◆ **Task requirements**:
Below are some entries. Transcribe the lines from the one holding "polished gold. | |||||" to the one holding "Cute Valentines Gift", inclusive, but not the pictures among them.

═══ Source data

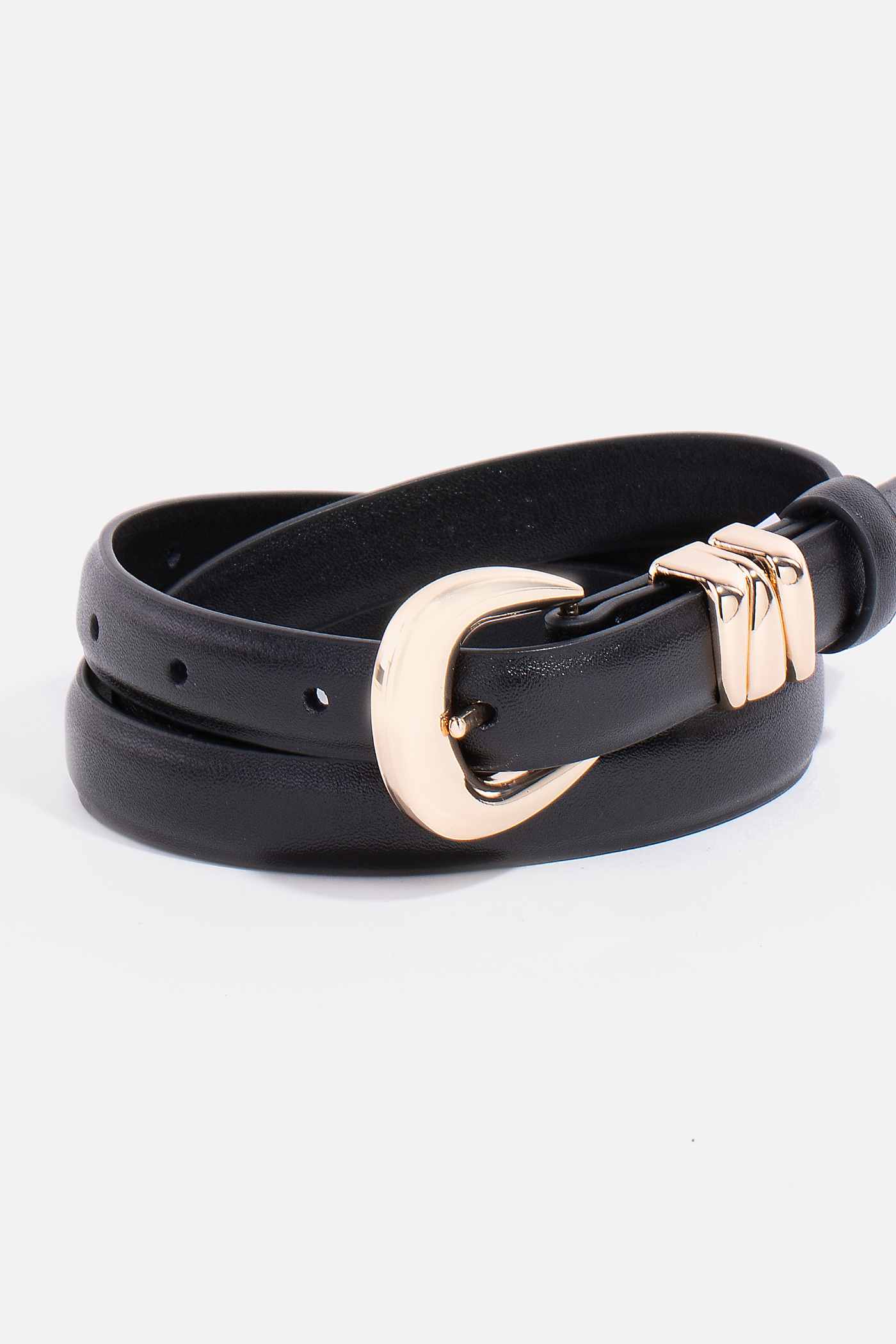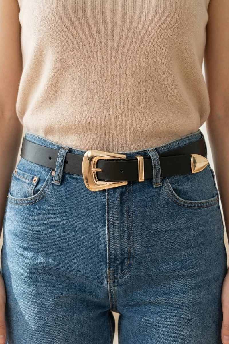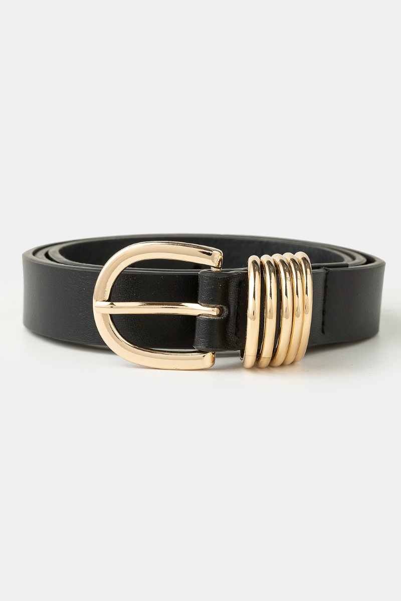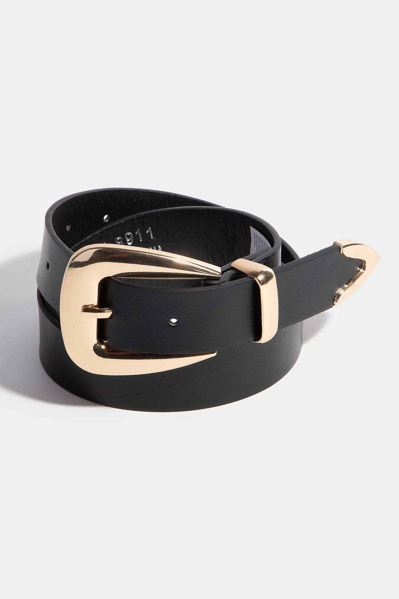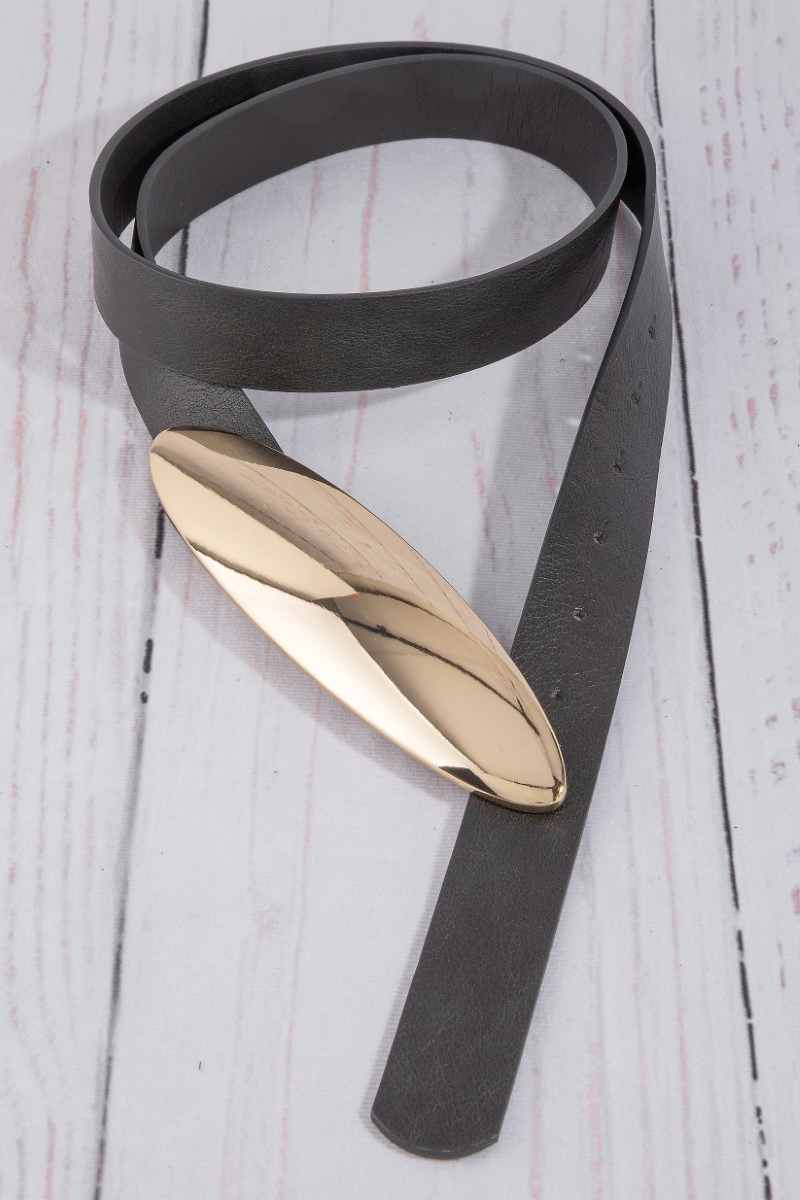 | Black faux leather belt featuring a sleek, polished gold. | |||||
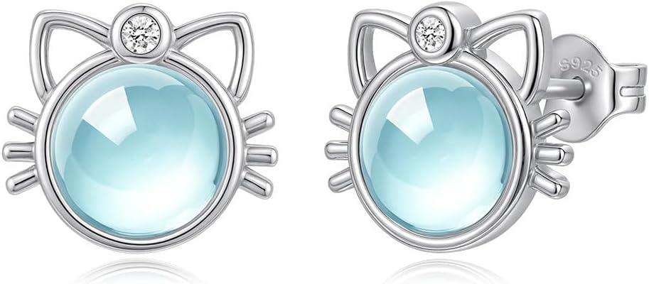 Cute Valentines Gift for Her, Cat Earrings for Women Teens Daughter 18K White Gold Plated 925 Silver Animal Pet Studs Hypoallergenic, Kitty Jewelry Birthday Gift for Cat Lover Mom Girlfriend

══════
═══ Source data

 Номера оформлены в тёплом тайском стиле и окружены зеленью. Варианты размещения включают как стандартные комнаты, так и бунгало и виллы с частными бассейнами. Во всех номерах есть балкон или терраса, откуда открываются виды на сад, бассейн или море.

══════

◆ **Result below**:
 | Black faux leather belt featuring a sleek, polished gold. | |||||
 Cute Valentines Gift for Her, Cat Earrings for Women Teens Daughter 18K White Gold Plated 925 Silver Animal Pet Studs Hypoallergenic, Kitty Jewelry Birthday Gift for Cat Lover Mom Girlfriend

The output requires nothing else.